Justice Department Sues to Block 2 Big Health Insurance Mergers

Good news for health consumers! Last week, the US Justice Department (USDOJ) announced it is suing to block the Anthem-Cigna and Aetna-Humana mergers, which have been under intense scrutiny by regulators and consumer advocates. The suits allege these deals violate antitrust laws and will harm consumers, seniors, working families and individuals, and employers and healthcare providers by limiting competition, reducing benefits, decreasing incentives for innovation, and lowering the quality of care. The mergers would reshape the industry by turning the U.S.’s five biggest health insurers into three. Health Access and other consumer advocates applaud the Justice Department’s action to block both mergers.

U.S. Attorney General Loretta Lynch explained the decision at last Thursday’s press conference:

If allowed to proceed, these mergers would fundamentally reshape the health insurance industry. They would leave much of the multitrillion-dollar health insurance industry in the hands of three mammoth insurance companies, drastically constricting competition in a number of key markets that tens of millions of Americans rely on to receive health care…Not only the bank accounts of the American people would suffer–but also the American people themselves.

California Joins Justice Department in Suit to Block Anthem-Cigna Merger
California, along with 11 other states and the District of Columbia, joined the Justice Department’s antitrust suit to block the proposed $48.3 billion merger of Anthem and Cigna.

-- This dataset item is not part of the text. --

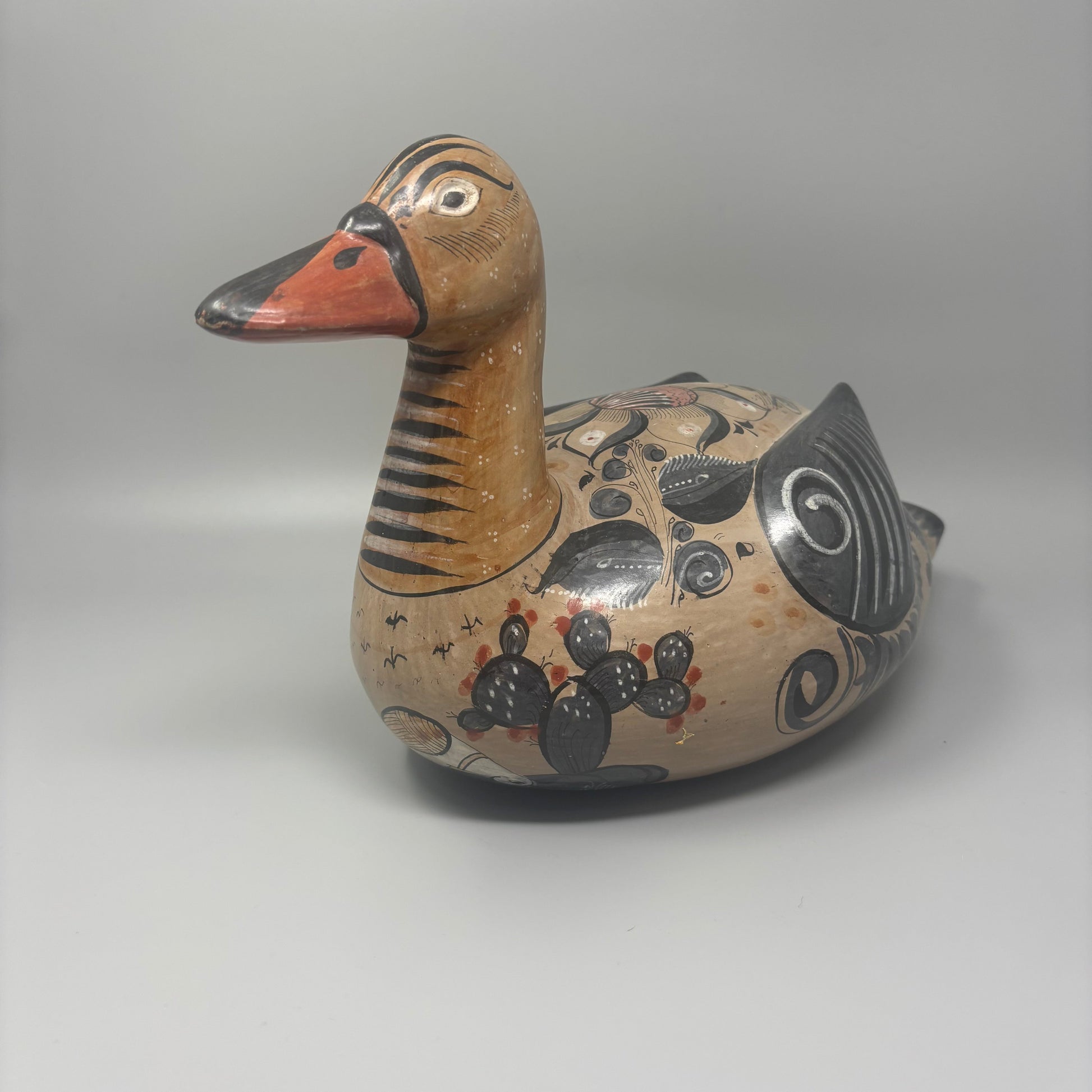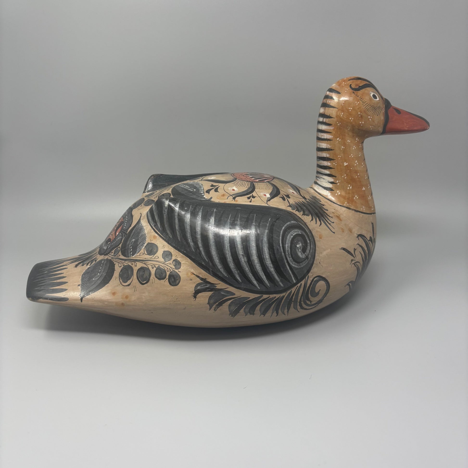 Here we have a large vintage hand painted and handmade ceramic duck from Tonala Mexico. While you usually see small items like this one rather than large ones this is really large! Tonala pottery's trademark is smooth finishes and detailed designs all over.

In a press release, California Attorney General Kamala Harris stated:

We have seen significant consolidation in the healthcare provider and insurance marketplace over the course of the past several years. In some circumstances, these mergers can create benefits for consumers, including more innovation, more coordinated healthcare and better healthcare delivery. The proposed merger between Anthem and Cigna does not strike that balance, and would drive up costs to consumers and reduce access to quality healthcare for millions of Californians.

California did not join the suit to block the Aetna-Humana merger because Humana does not have significant market share in the state.

Health Access Advocacy on Insurer Mergers
Health Access has testified before public hearings at the Department of Managed Health Care (DMHC) and the California Department of Insurance (CDI) and submitted extensive written comments about how these mergers will negatively impact California consumers. History has shown that insurer mergers result in less competition, fewer choices, and higher prices, with little or no benefit to consumers. We highlighted Anthem and Aetna’s history of failing to abide by basic consumer protections, arguing they should not be allowed to get bigger unless they get better. These insurers claim the mergers are necessary to improve efficiency and better coordinate care. None of the companies, however, have provided details about how these benefits would be achieved, and how consumers will actually benefit in the form of lower premiums, lower out-of-pocket costs, higher quality care, and reduced health disparities.

Insurers Sought Approval from California Regulators
USDOJ and state insurance regulator approval is required for both deals to go through. DMHC approved the Aetna-Humana merger on June 20, requiring enhanced oversight of Aetna’s rates because of its history of proceeding with unreasonable rate increase, among other conditions. The Anthem-Cigna merger is still pending at DMHC.

CDI does not have direct authority over these mergers because none of the companies involved are domiciled in California. Insurance Commissioner Dave Jones held public hearings and recommended the Justice Department block both. (See his letters to USDOJ about the Anthem-Cigna and Aetna-Humana mergers.)

What’s Next?
The courts will start reviewing the lawsuits and schedule proceedings. The companies can choose to fight USDOJ in court, settle the case, or abandon the merger.

The merger agreements include provisions requiring the payment of a termination, or break-up fee, if the merger fails. Anthem would owe Cigna a $1.85 billion breakup fee, and Aetna would have to pay a $1.69 billion termination fee to Humana. We need to make sure consumers don’t end up paying for these break-up fees through higher premiums.

Even if these megamergers fail, we can expect to see more consolidation within the health insurance industry.